Heh.

Nov. 15th, 2004 01:53 am
wolven7: (Default)
[personal profile] wolven7
Love and romance are very much on your mind, WOLVEN. Even if you are single, you can't help but think about how nice it would be to have someone special (and permanent!) in your life. For those of you married, folk, this is a time to tell one another how much you appreciate each other. No one is served by taking one another for granted. Today, celebrate your partnership in a very special way.

Voltaire - [Ravens Land]--- On my mind, all the time.

Had a great day of hanging out with [livejournal.com profile] electroncat, today. We had long conversations about things done, and things thought. She reminded me that the times when you doubt yourself are most likely the times when you'll fuck things up. As i said, to her, i guess it's lucky that i don't ever try to Do anyhting, in my moments of self-doubt. It's like that line, from Bill Nye, the Science Guy: "Paralysed by Self-Doubt!" When it gets me, it's got me. The trick, now, is to stop letting it get me. (Moxy Früvous - [The Drinking Song]). By the way, [livejournal.com profile] electroncat, i forgot to tell you, i think it's Very important to have the people who work to things one person at a time. That's just not for me. ;) Sweeping change, that's what i need.

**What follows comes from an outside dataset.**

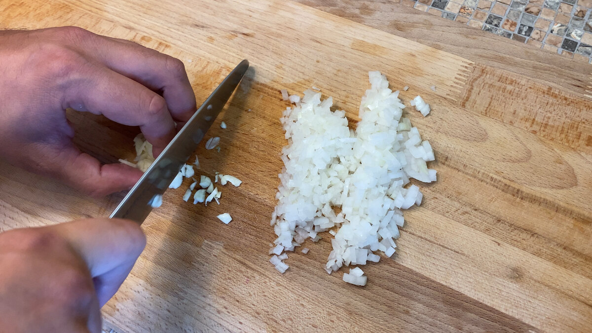 Почему-то в нашей необъятной булгур пользуется малым спросом. Вероятно, людям больше привычны другие крупы, такие как рис или греча. Но сегодня будем тащить булгур в массы и научимся готовить его вкусно и красиво, аж хоть в ресторанах подавай. Друзья, сейчас я активно качаю свой инстаграм. Большая просьба подписаться, ибо контент там немного отличается от того, что я делаю тут. Заранее спасибо. Что получится смотрите в конце. Жалко, что не могу передать вам вкус через экран. Читаем внимательно. Саму крупу мы приготовим отдельно, чтоб у тех, кто не знает с какой стороны к ней подходить, было понятие как вкусно и правильно ее приготовить. Для тех, кто в теме, скажу, что будем готовить по принципу ризотто. Ок, давайте приступим. Как приготовить булгур. Можно приготовить как написано на упаковке, но мы сделаем все намного вкуснее и изысканнее... Для начала нарежем лук и чеснок. Примерно на 200гр. булгура берем одну среднюю луковицу и 2 зубчика чеснока. Режем мелко. Обжариваем лук и чеснок

I didn't get to talk to [livejournal.com profile] mech_angel, today, and that makes me sad. But i'll talk to her, soon. Talk to her about lots of things. :)

Workings are forthcoming.

Dream Well

{1.59am: The Police - [King of Pain]--- I also meant to say, i've done some terrible things, in my time, and i've hurt a lot of people, in the doing of them. Rather, i've caused a lot of people to be hurt. There's not much i've done to people, directly, so much as i've facilitated them doing to themselves. But that doesn't make me less responsible, simply less at fault.

But i'm not sorry, for what i did. I'm somewhat sorry for the pain i caused, and the turmoil it wreaked. (The Dresden Dolls - [Girl Anachronism]). But i've seen the things that have come out of them, out of the pain, and the sorrow, and how people have grown. And i'm not sorry for that, at all. Maybe that makes me an asshole. Maybe it makes me sound like a self-righteous prick, but it's the way i feel.

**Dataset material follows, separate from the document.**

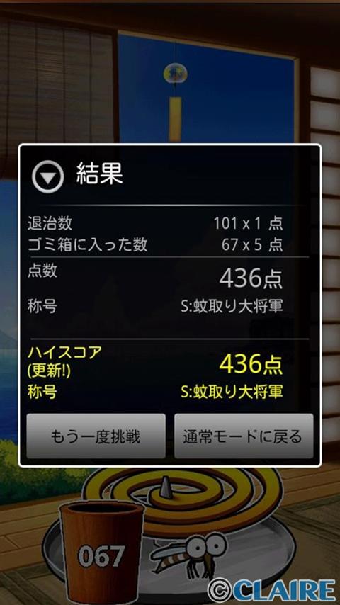 In addition to the above-mentioned normal mode, you can challenge the mini game that repulse the flitting mosquito.

There are some things i've done for which i am genuinely sorry, about the pain they've caused. But they aren't many. I don't have any regrets, and i would never take any of it back. If only because they've all led me here. And, despite all the shite, and the pain, I like where, who, and what i am; and i like what you all are, too... (Polaris - [She Is Staggering]). And all that that implies.

Good night.}

Date: 2004-11-14 11:28 pm (UTC)
From: [identity profile] missmeganmaude.livejournal.com
Well, there are people like you and people like me, and together we can bring change. ^__^

Date: 2004-11-14 11:30 pm (UTC)
From: [identity profile] wolven.livejournal.com
Sounds like a damn fine plan to me. Now, to get more of all of us to coordinate :)

Date: 2004-11-15 10:46 pm (UTC)
From: [identity profile] tribeofone.livejournal.com
What? you want to put together a syncronized swimming team?
I want to maintain the status quo.

Date: 2004-11-16 06:28 am (UTC)
From: [identity profile] wolven.livejournal.com
Maintenance of the status quo is good for a laugh, every now and again, in mock protest, but no thanks, as a world policy.